_TASK DESCRIPTION:_
Repeat nothing but the lines below running from the one containing "海苔子さんが「高級バッグより" to the one containing "Download: Delivery concept". Keep both end lines.

_MATERIALS PROVIDED:_
=======
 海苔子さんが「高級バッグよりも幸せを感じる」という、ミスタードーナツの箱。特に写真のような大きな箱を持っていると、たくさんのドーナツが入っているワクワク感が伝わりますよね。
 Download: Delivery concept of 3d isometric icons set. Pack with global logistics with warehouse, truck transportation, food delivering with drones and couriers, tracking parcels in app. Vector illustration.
=======
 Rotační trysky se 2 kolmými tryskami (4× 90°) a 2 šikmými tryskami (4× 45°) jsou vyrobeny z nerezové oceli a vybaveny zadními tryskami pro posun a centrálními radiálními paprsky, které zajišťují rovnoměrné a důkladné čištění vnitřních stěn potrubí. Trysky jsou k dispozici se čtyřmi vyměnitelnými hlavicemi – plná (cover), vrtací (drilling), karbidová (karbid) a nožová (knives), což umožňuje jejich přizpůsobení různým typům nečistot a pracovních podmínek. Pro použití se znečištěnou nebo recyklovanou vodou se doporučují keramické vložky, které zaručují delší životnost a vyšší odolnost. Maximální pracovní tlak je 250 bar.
=======
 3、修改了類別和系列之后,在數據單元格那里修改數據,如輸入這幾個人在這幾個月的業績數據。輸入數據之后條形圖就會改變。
=======
_WORKED SOLUTION:_
 海苔子さんが「高級バッグよりも幸せを感じる」という、ミスタードーナツの箱。特に写真のような大きな箱を持っていると、たくさんのドーナツが入っているワクワク感が伝わりますよね。
 Download: Delivery concept of 3d isometric icons set. Pack with global logistics with warehouse, truck transportation, food delivering with drones and couriers, tracking parcels in app. Vector illustration.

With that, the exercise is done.